One of the games I played, Itches and Scratches, needed another player — Mum. It was fun, though the itch could often get out of hand. Any itch I had was likely to be in a part of the body I couldn’t reach, and I would have to ask Mum to scratch it. Having the itch scratched was sheer Heaven, but it wouldn’t be long before another itch broke out, and then Mum would have to scratch that one also. After three or four such itches, I seemed to be itching all over and would be wondering whether the game was so much fun after all.
Sometimes the game took on a new twist. It would happen that when I had an itch and Mum came to scratch it, the itch wasn’t affected in the slightest. Then Mum said, ‘Shall we try scratching bits of your body which don’t itch at all? Somewhere quite different.’ I could do a certain amount of scratching myself, and I discovered that if there was an itch somewhere on my right leg near the foot, then scratching part of my left arm completely cured it. The same trick only worked less well on the other side because I found it harder to scratch my right arm. What’s more, the phantom itch, when treated by remote control in this way, was much less likely to break out again.
I pestered Mum to tell me how this piece of body magic worked. She said she didn’t really know, but I could ask Dr Duckett next time he called. Dr Duckett was the local doctor, portly and fierce of eyebrow. He smelled of the little cigars he smoked, pungent little things. Weren’t they called Wills Whiffs? They were certainly whiffy. Once I heard Dad say, ‘Why can’t he smoke cigarettes, like a normal doctor?’, not meaning a joke.

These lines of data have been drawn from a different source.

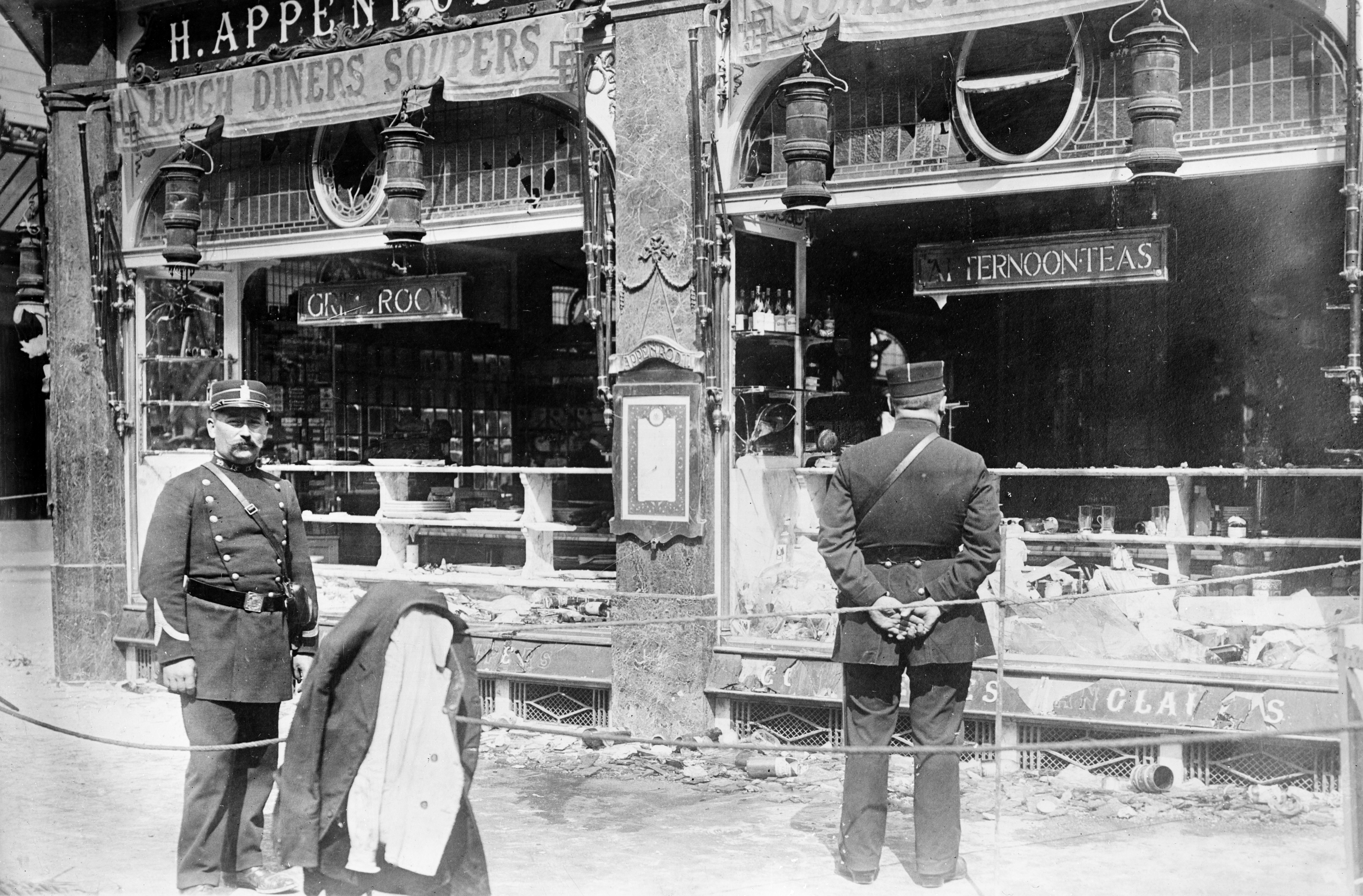 Paris -- German Shop smashed by mob Photograph shows Appenrodt's restaurant, which was owned by H. Appenrodt on the Boulevard des Italiens in Paris, France. The restaurant was attacked by a French mob who thought the owner was a German national, during the early days of World War I.
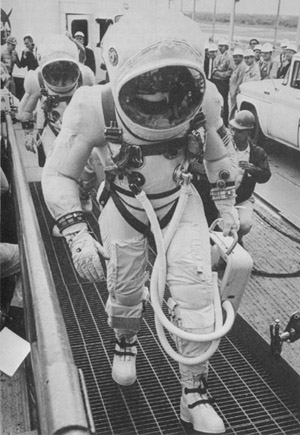 Astronauts Frank Borman and James A. Lovell, Jr., walking up the ramp to the elevator at pad 19 prior to their Gemini VII flight. They are wearing the new lightweight G5C suits.
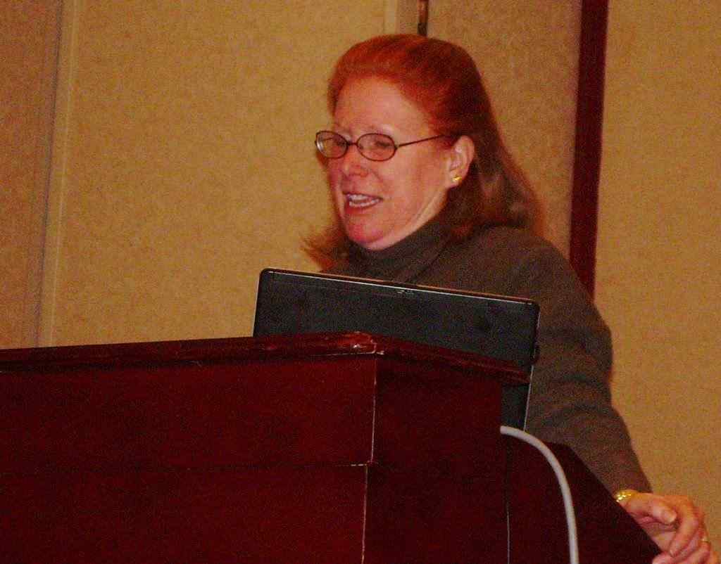 Adele Goldberg speaking at PyCon 2007.

Dr Duckett was a very good explainer. He thought for a moment after I asked him about the itches and then said, ‘John, you know how sometimes a light bulb has two switches, on different sides of the room?’
‘Oh yes!’ I had always been fascinated by such things.
‘If you turn on a switch near the door, the ceiling light comes on. Yet you could turn off the same light’ (well, I couldn’t, couldn’t have reached even if I was allowed out of bed, but I had seen it done) ‘by using a different switch right over on the other side of the room. Well, itching is to do with nerves, and in a way nerves are the body’s “wiring”. The wiring of the body is a much more complicated business than the wiring of a house, but sometimes you can put your finger on an itch-switch in a place you wouldn’t expect.’
Dr Duckett gave me so much to think about. No wonder I loved him. I decided that I’d try to understand house wiring as soon as possible. In the meantime I marvelled at the thought of all those little wires running through my body carrying every sort of command. Most of my wires, barring the odd sparky fluke, were connected properly and working well. I didn’t need to think of myself as completely ill. It was only part of me that was ill. I was partly well.
One day I would have a house of my own, a cheerful house much more colourful and full of life than the one I was stuck in now. I would have a house built entirely to suit my needs. I talked about it with Mum. She warned me that planning a house was a lot of work, and I was grateful for her ideas, but I made a secret alteration to her suggestions. When it really happened I wasn’t going to hire an electrician. I knew someone who would do it so much better. All the wiring was going to be done by Dr Duckett.